Confident personal style – part 1

I spend a lot of time talking to clients about developing their own “confident personal style”.  Three words: confident that you look great in whatever situation you find yourself; personal because it is an expression of you, not a uniform or incongruous statement that hides the real you; style rather than slavishly following fashion, so that your own looks develops with you.

Decades ago I developed the concept of the Capsule Wardrobe, an idea which has stood the test of time.  The Capsule Wardrobe is really a tool to help you build your confident personal style.

Over the coming weeks, I’m going to write a series of posts on developing your own Confident Personal Style (much as I did with the Capsule Wardrobe last year).

I’m planning to cover: what it is, why it’s important, how to build it and the myriad excuses I hear as to why too many women don’t develop it.

I’m acutely aware that for many women this is a very difficult area, but I strongly believe that the lack of confidence in their personal style and the resistance to actively developing one is a real hindrance to women moving up the corporate ladder.

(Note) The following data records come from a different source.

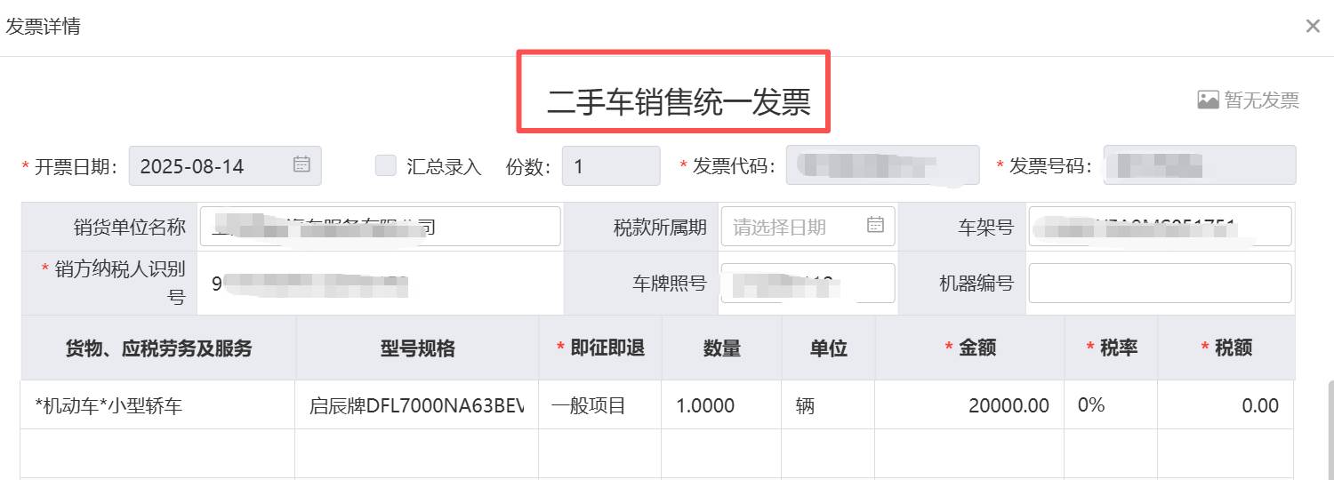 1. 二手車銷售統(tǒng)一發(fā)票(稅率0%):
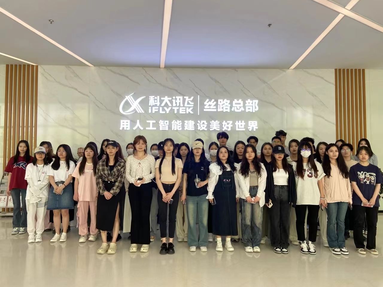 2024年5月14日,国际语言文化学院2023级法语(专升本)专业的46名同学在蒲雯老师的带领下前往科大讯飞丝路总部进行专业实习。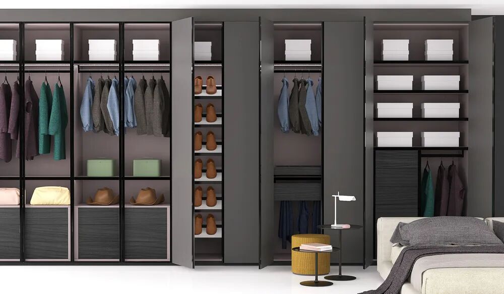 在浴室与卧室的走廊,触摸金色的把手,打开隐藏的衣帽间,一件件衬衣整齐的挂在衣帽间的栏杆上,开心自己贤惠的同时,帮爱人在轻奢风的衣帽间挑选出心仪的衣服,为他打好领带,一同品尝美味的早餐,开启美好的一天~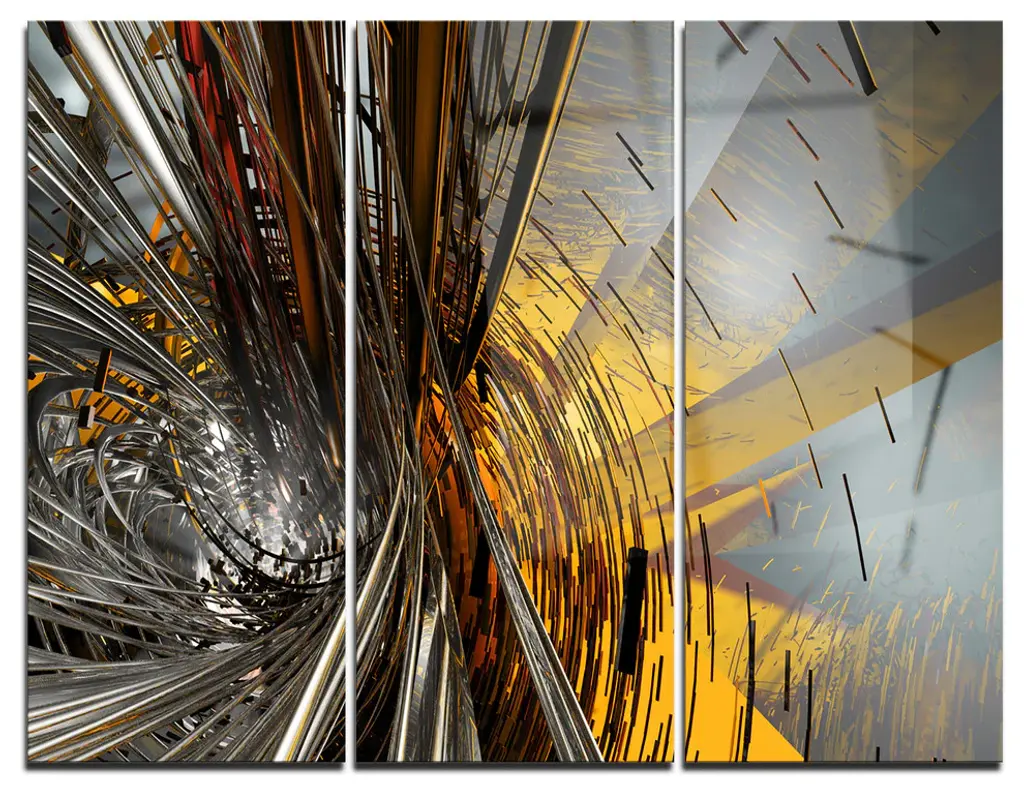 "3-D Abstract Art Green Black" Digital Metal Wall Art, 3 Panels, 36"x28"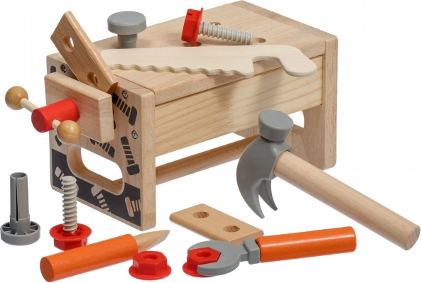 Hammer, Säge, Schraubendreher, Schraubenschlüssel, Schrauben, Muttern, Schraubstock und Holzteile mit Löchern – alles für realistisches Spielen und Lernen.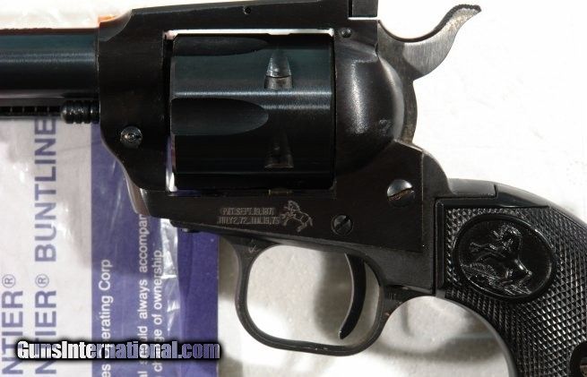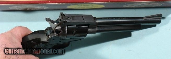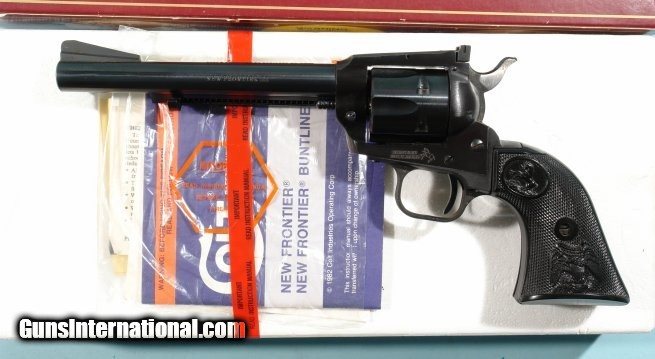 Description: COLT NEW FRONTIER .22LR SINGLE ACTION 6” REVOLVER CA. 1980’S IN ORIG. BOX. As new condition with 100% blue and mint hard rubber grips. May have been fired a very few rounds but unused. All original. Extra nice with original box and instruction manual and the related enclosures as well as the red “Warning” hanging tag. SOLD |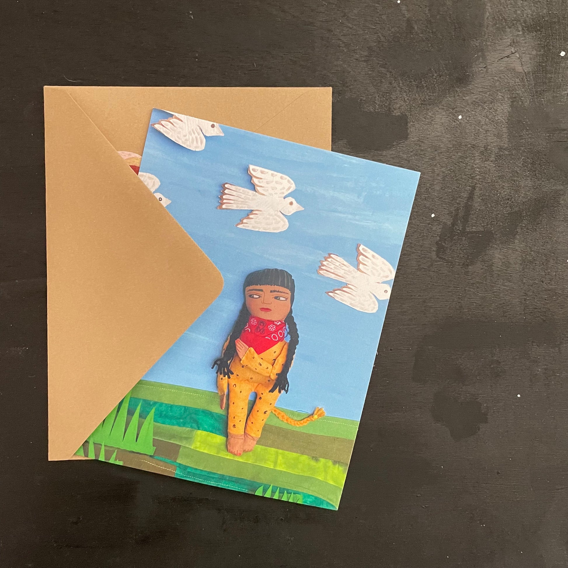 This is a print of a Jaguar doll that was part of a 3DArt installation I did for Madre Tierra at the Fullerton Museum Center this past April 2024. Comes with 2 blank notes to write your own message. The print is blank in back too. Can be put in a picture frame.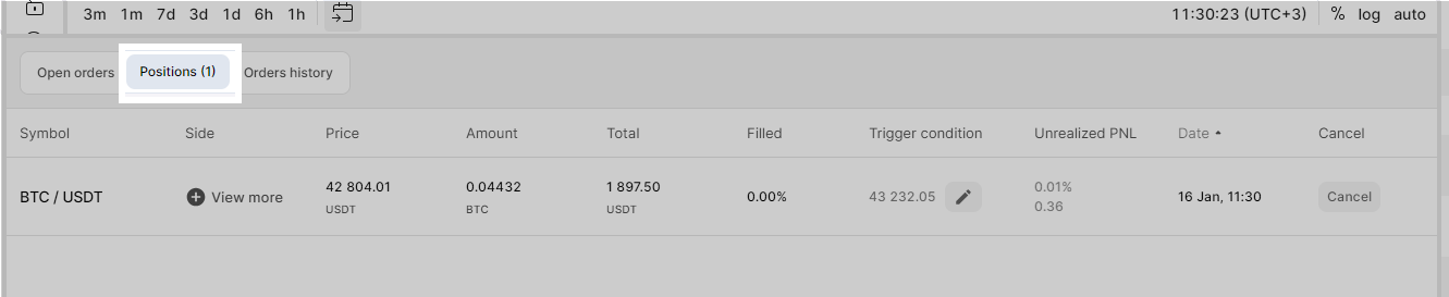 Ketika order tereksekusi, Anda akan menerima notifikasi di platform. Order akan berpindah dari tab Open Orders ke Positions.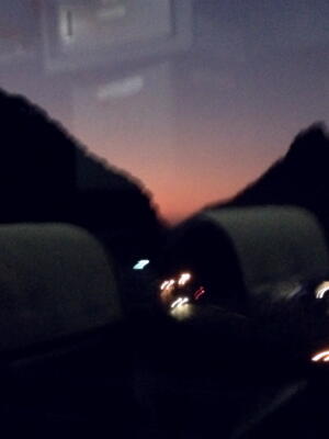 5時半にホテルを出て6時10分の高速バスで福岡に。朝焼け。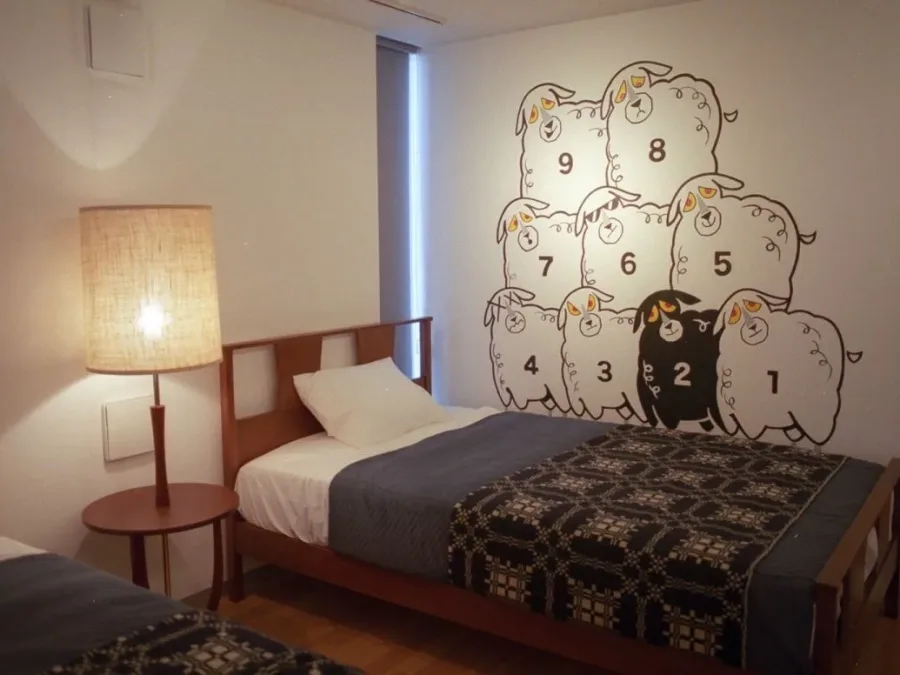 Room 4BC connects two distinct artistic spaces, “ALGORITHM” (by OG SLICK & MHAK) and “BAA BAA BLACK SHEEP” (by COOK), creating a luxurious 51.14m² suite. This Western-style connecting room features a unique collaboration of artists and offers ample space with two double beds and two futon sets. Ideal for groups, it comes fully equipped with kitchens and laundry facilities, allowing guests to enjoy a comfortable and immersive art experience during their stay.

I’m increasingly aware that at our end of the market, we have an unusual focus – helping women not just to look good for its own sake, but in order for them to achieve more in business, which requires understanding the cultures of the organisations in which they work and of their personalities, and of course where the two meet.  Obviously Wardrobe is a business, but our buzz comes from making people feel confident in themselves in their working and social environments .

The more we meet women, particularly in the UK, who are climbing the corporate ladder, the more we realise how low a priority it is for them because it threatens an area they feel very insecure.

It’s a particularly British phenomenon – many of my continental and American clients, whenever they are going for or working in an important environment, consider this to be something that has to be tackled before they can get down to the job in hand.

Is it the British puritanical view about spending on your self to make yourself look good or just a basic fear of getting it wrong and therefore the easiest thing is to ignore the whole subject.

I believe that many of the new generation of managers coming through in their 30s are more aware of the effect that personal presentation will have on their careers; and that it is therefore even more important for women to understand the importance of feeling confident in the way they look.

I’m wondering whether the concept of developing a Confident Personal Style has the potential to be as important an idea as the capsule Wardrobe was all those years ago. Please do let me know whether it resonates for you and what you’d like me to cover either in this series or more generally with Confidence Tricks.